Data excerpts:
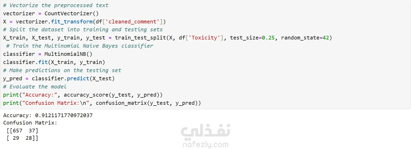 ToxicityShield is an end-to-end Natural Language Processing (NLP) pipeline designed to identify and categorize toxic content within social media datasets. Developed using Python and industry-standard machine learning libraries, the project addresses the critical need for automated moderation in digital spaces. The system processes raw tweet data through a rigorous cleaning and normalization phase—utilizing NLTK for tokenization, lemmatization, and stop-word removal—to ensure high-quality input for the model. By implementing a Multinomial Naive Bayes classifier paired with Count Vectorization, the project achieves a high level of predictive accuracy in distinguishing between neutral and harmful text. Technical Highlights Data Pipeline: Engineered a robust preprocessing function that handles noise in text data, including special character removal and case normalization. Model Performance: Achieved a classification accuracy of 91.2% on balanced testing sets. Feature Engineering: Utilized a Bag-of-Words (BoW) approach to transform unstructured text into high-dimensional feature vectors for model training. Evaluation: Validated results through detailed confusion matrices to minimize false negatives in toxicity detection.
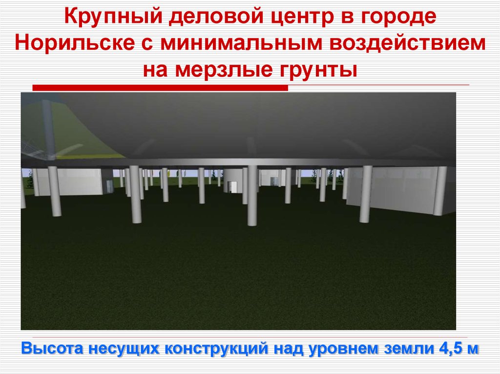 36. Крупный деловой центр в городе Норильске с минимальным воздействием на мерзлые грунты
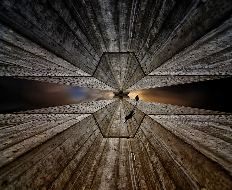 Tak tohle rozhodně není popisná fotka a je úplně jedno, co zobrazuje – snad to jsou zářivky nebo nějaké filtry, nezajímá mě to. Fotka naznačuje blíže neurčenou techniku, diagonálně vedené linie směřují vzhůru a všimněte si, jdou zprava shora doleva dolů, tedy „proti srsti“, proti směru, kterým jsme zvyklí číst. Takto řešené fotky jsou v jakési tónině Dur, dráždí nás, provokují. No a v pozadí je nebe s podivnými mraky a světly. Druhá jeho fotka se jmenuje Epsilon Eridana. Autor ji zveřejnil už na Digiarena.cz a soudě podle komentářů se velmi líbí. Na rozdíl od předešlé fotky je zde uplatněna přísná symetrie.
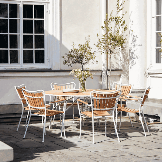 5.899,00 DKKUdsalgspris 5.899,00 DKKDet runde Marguerit havebord er perfekt til sammenkomster og skaber en elegance på terrassen med dets unikke design. Bordpladen er i massiv bæredygtig teaktræ og stellet i rustfrit pulverlakeret aluminium.... -
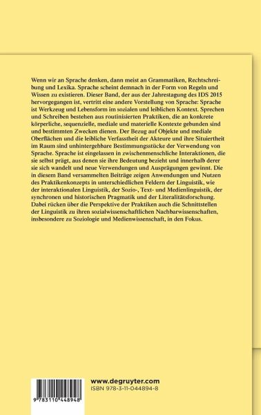 Dieser Band, der aus der Jahrestagung des IDS 2015 hervorgegangen ist, vertritt eine andere Vorstellung von Sprache: Sprache ist Werkzeug und Lebensform im sozialen und leiblichen Kontext. Sprechen und Schreiben bestehen aus routinisierten Praktiken, die an konkrete körperliche, sequenzielle, mediale und materielle Kontexte gebunden sind und bestimmten Zwecken dienen. Der Bezug auf Objekte und mediale Oberflächen und die leibliche Verfasstheit der Akteure und ihre Situiertheit im Raum sind unhintergehbare Bestimmungsstücke der Verwendung von Sprache. Sprache ist eingelassen in zwischenmenschliche Interaktionen, die sie selbst prägt, aus denen sie ihre Bedeutung bezieht und innerhalb derer sie sich wandelt und neue Verwendungen und Ausprägungen gewinnt.
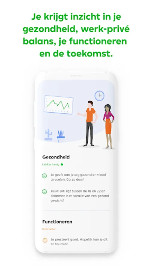 • You quickly gain insight into your health, work-life balance, your performance and the future.
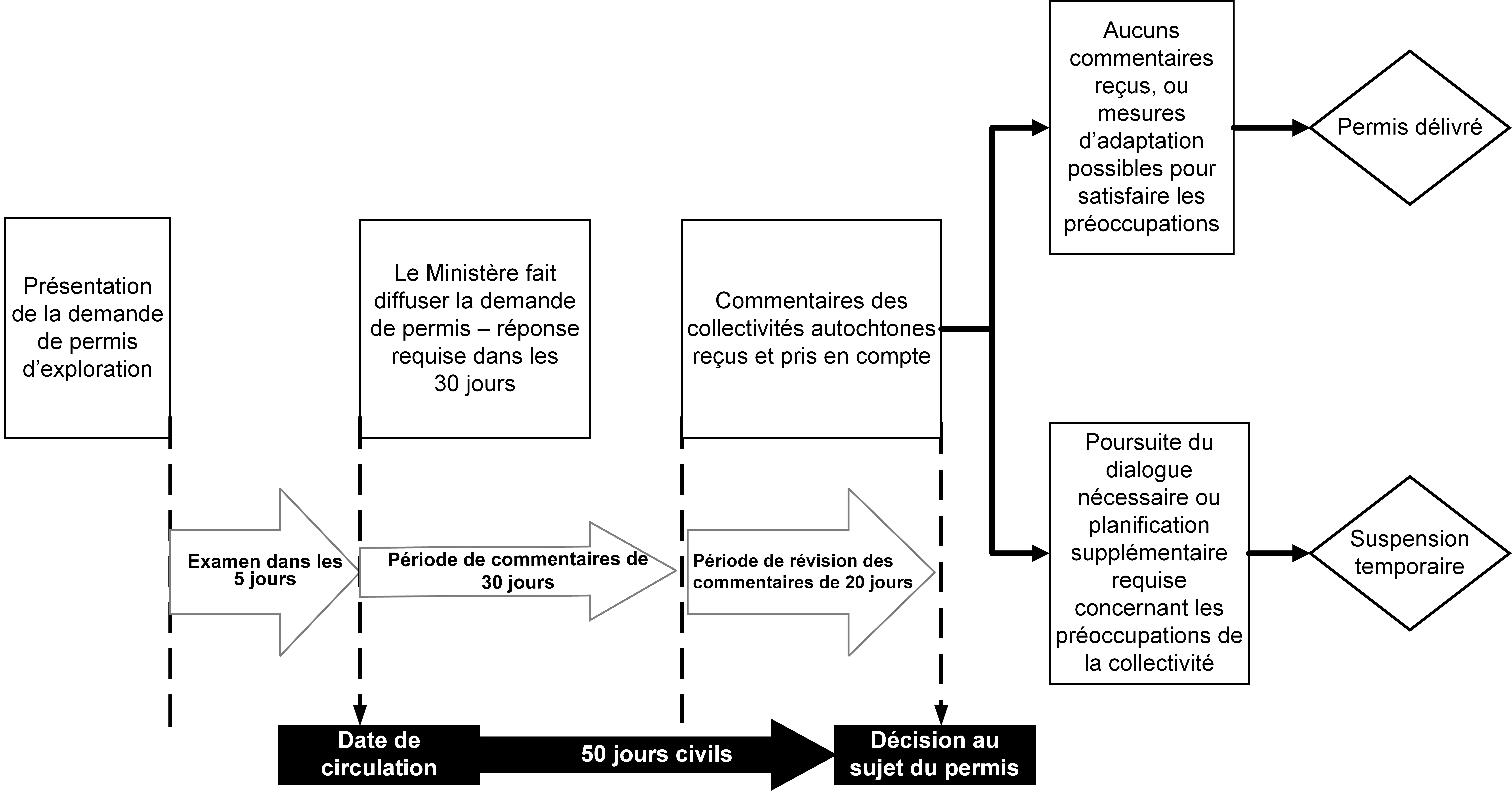 - les collectivités sont priées d’informer le Ministère de leurs préoccupations concernant les conséquences préjudiciables éventuelles sur les droits ancestraux ou issus de traités dans les 30 jours suivant la mise en circulation de la demande de permis d’exploration;
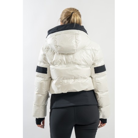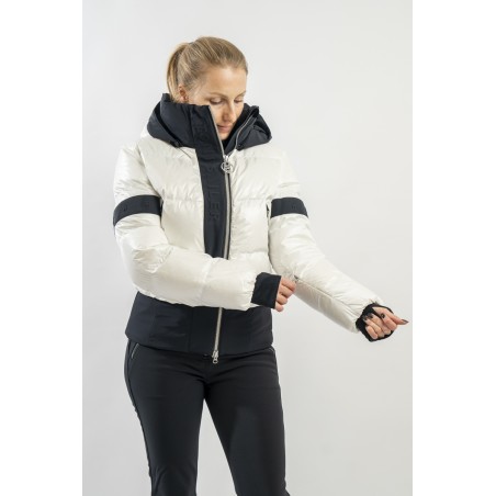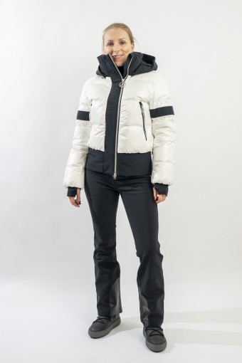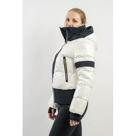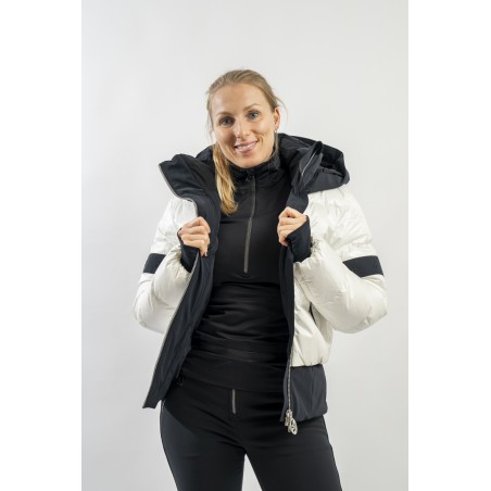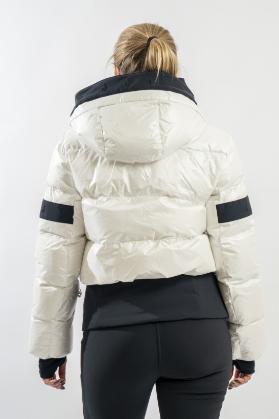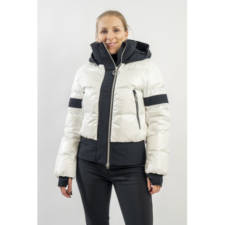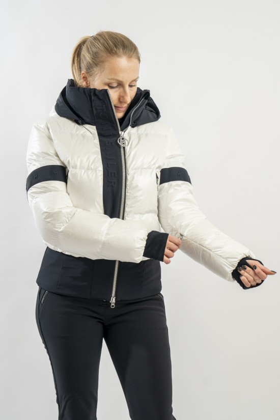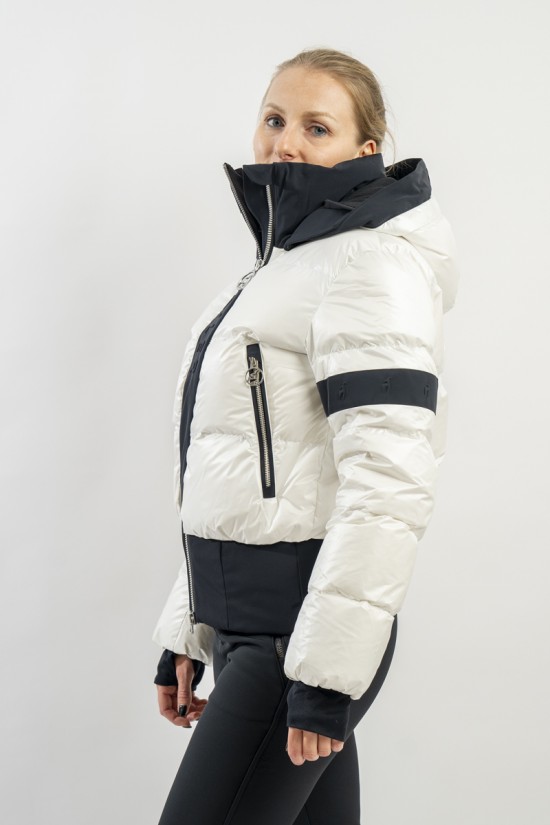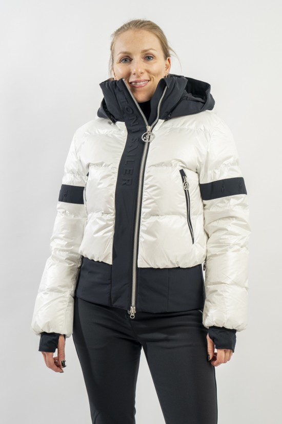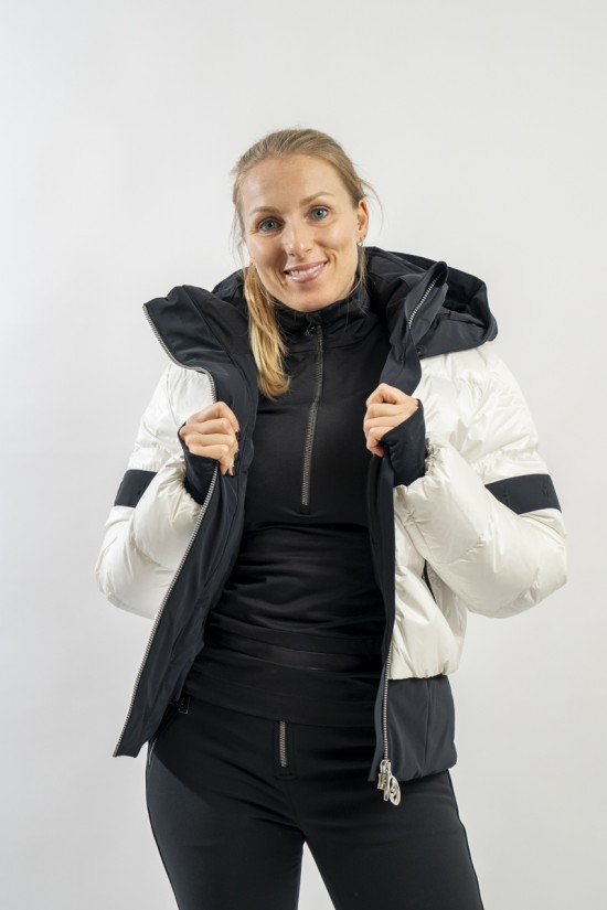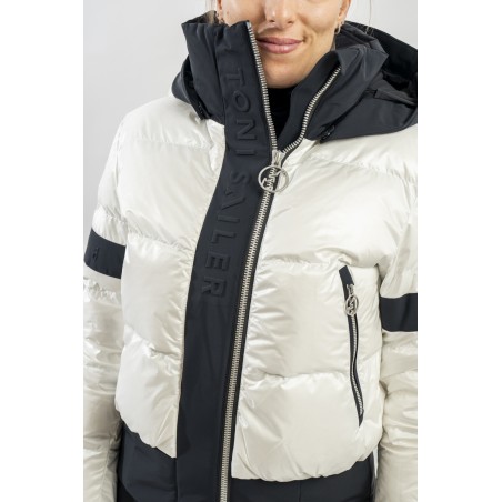 In Loretta, la giacca sci firmata Toni Sailer, materiali funzionali e look moderno si incontrano in un capo ideale per la montagna e la città. Il nylon lucido ripstop ad ampia trapuntatura e le zip metalliche la impreziosiscono. Gli inserti in tessuto elasticizzato con lettering e logo in rilievo le donano carattere e personalità. Imbottita in piumino è estremamente isolante, calda e leggera. Impermeabile e traspirante è dotata di tutti gli optional antivento ed antineve. Perfetta per passare le tue giornate sulla neve in sicurezza e senza rinunciare allo stile.
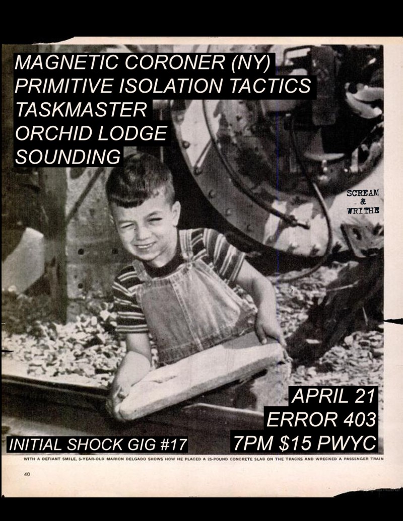 | Linked To Flyers: | Magnetic Coroner, Primitive Isolation Tactics, Taskmaster, Orchid Lodge, Sounding |
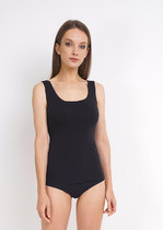 Майка женская из эластичного хлопкового полотна. Широкая бретель. В боковом шве фирменный жаккардовый логотип.— Описание у На сайте поставщика
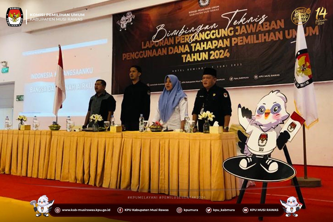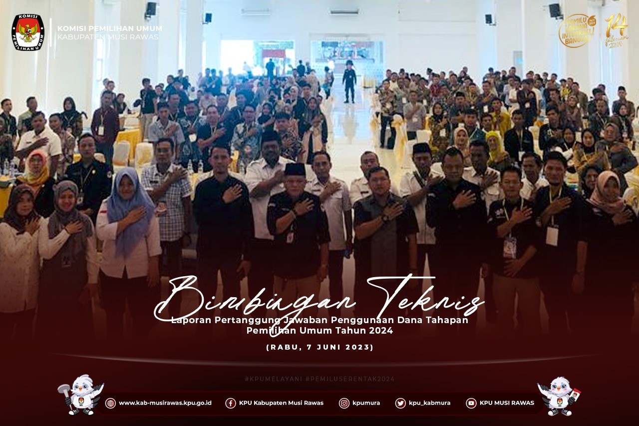 #TemanPemilih, KPU Kabupaten Musi Rawas melaksanakan Bimbingan Teknis Laporan Pertanggung Jawaban Penggunaan Dana Tahapan Pemilihan Umum Tahun 2024 di Hotel Dewinda (7/6/2023) ..
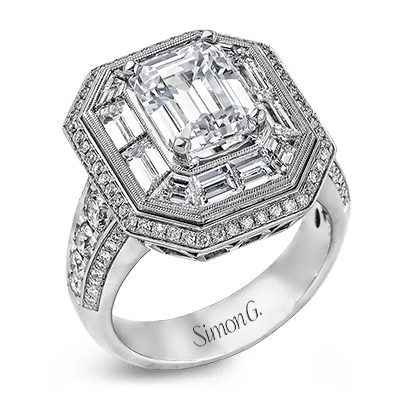 This gorgeous white gold contemporary engagement features an arresting 1.65 ctw of mosaic diamonds accentuated by .80 ctw of princess cut white diamonds.
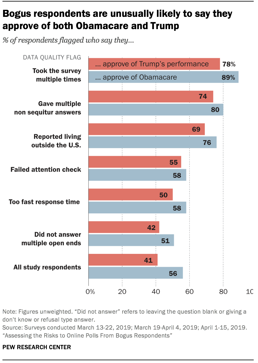 Based on these findings, it is understandable how prior research teams looking at those traditional flags could have concluded that such respondents were not that different and are perhaps best kept in the survey analysis. But the data quality flags highlighted in this study (e.g., taking the survey multiple times, giving non sequitur answers) tell a very different story. Those flags show suspect respondents giving systematically different answers for key questions. Because the answers are systematic (e.g., largely favorable to the 2010 health care law or to Trump), they stand to move topline survey figures rather than merely adding noise.

Your objective: Return the lines above from the one with "Lodge, Sounding |" through the one with "This gorgeous white", verbatim and nothing else. Omit every picture.

Exercise output:
 | Linked To Flyers: | Magnetic Coroner, Primitive Isolation Tactics, Taskmaster, Orchid Lodge, Sounding |
 Майка женская из эластичного хлопкового полотна. Широкая бретель. В боковом шве фирменный жаккардовый логотип.— Описание у На сайте поставщика
 #TemanPemilih, KPU Kabupaten Musi Rawas melaksanakan Bimbingan Teknis Laporan Pertanggung Jawaban Penggunaan Dana Tahapan Pemilihan Umum Tahun 2024 di Hotel Dewinda (7/6/2023) ..
 This gorgeous white gold contemporary engagement features an arresting 1.65 ctw of mosaic diamonds accentuated by .80 ctw of princess cut white diamonds.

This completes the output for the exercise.